DATA BLOCK »
────────

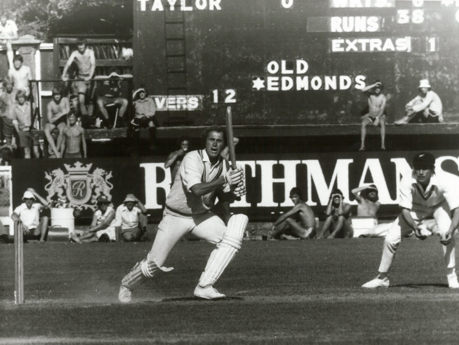 February 1978, Basin Reserve, Wellington AAQT 6539 W3537 box 16 L7/14/3/233
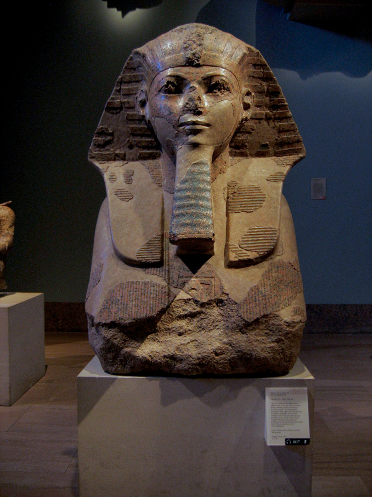 Head of a Sphinx of Hatshepsut, Eighteenth dynasty of Egypt, c. 1503-1482 B.C., found at Deir el-Bahri, Thebes. Red granite sculpture at the Metropolitan Museum of Art, New York City. This statue is one of six that were likely placed along the processional way into Hatshepsut's temple on the lower terrace. Only the head and shoulders of this statue were recovered. Patches of blue paint on the false beard are still visible, as are traces of yellow and blue on the nemes royal headdress.
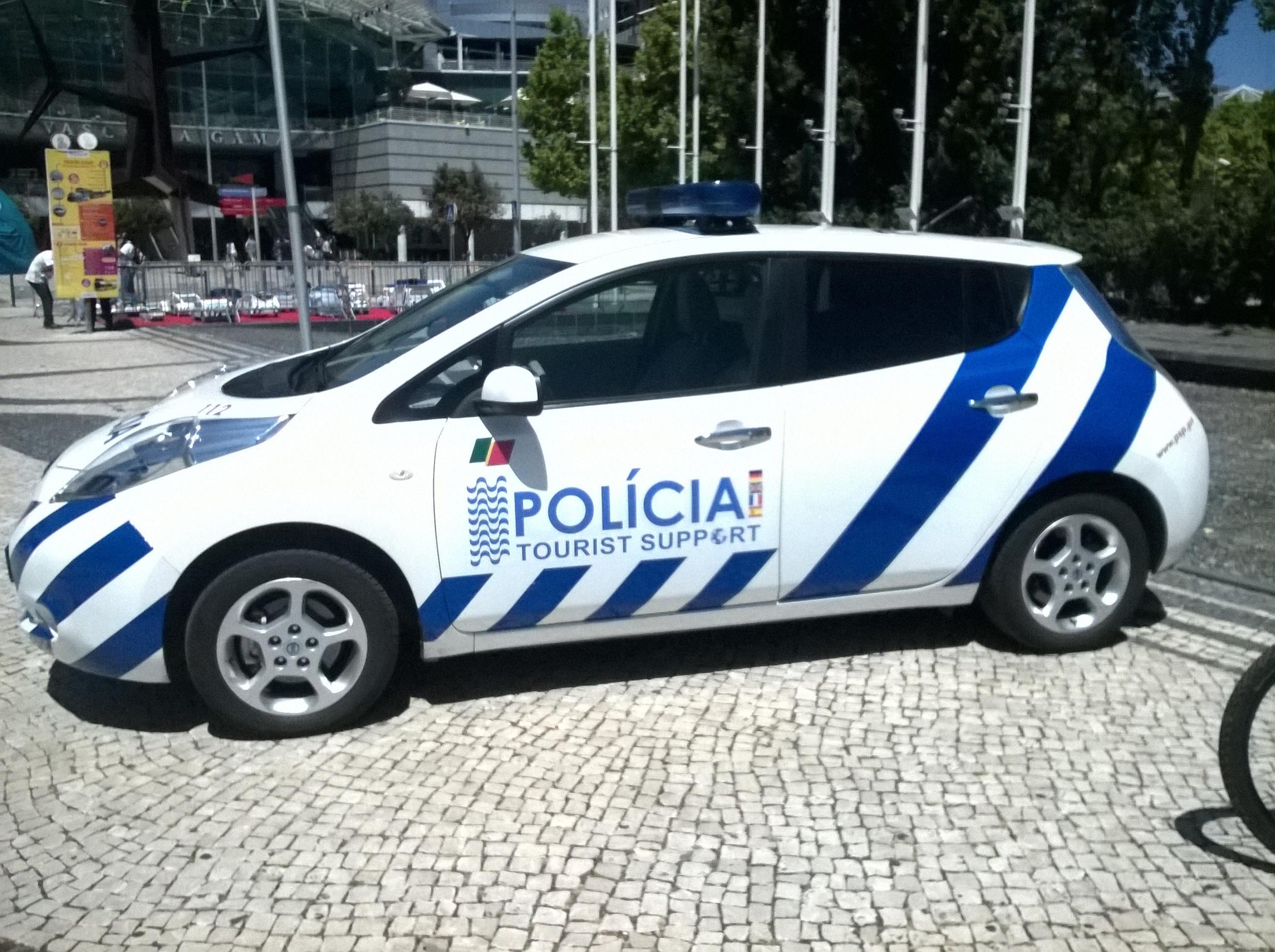 Lisbon Public Security Police Tourism Support electrical vehicle

────────

WHAT THIS TASK INVOLVES » Copy exactly, please, every line from the one holding "Head of a Sphinx" through the last line of the data, both ends included, and no pictures.

TASK OUTPUT »
 Head of a Sphinx of Hatshepsut, Eighteenth dynasty of Egypt, c. 1503-1482 B.C., found at Deir el-Bahri, Thebes. Red granite sculpture at the Metropolitan Museum of Art, New York City. This statue is one of six that were likely placed along the processional way into Hatshepsut's temple on the lower terrace. Only the head and shoulders of this statue were recovered. Patches of blue paint on the false beard are still visible, as are traces of yellow and blue on the nemes royal headdress.
 Lisbon Public Security Police Tourism Support electrical vehicle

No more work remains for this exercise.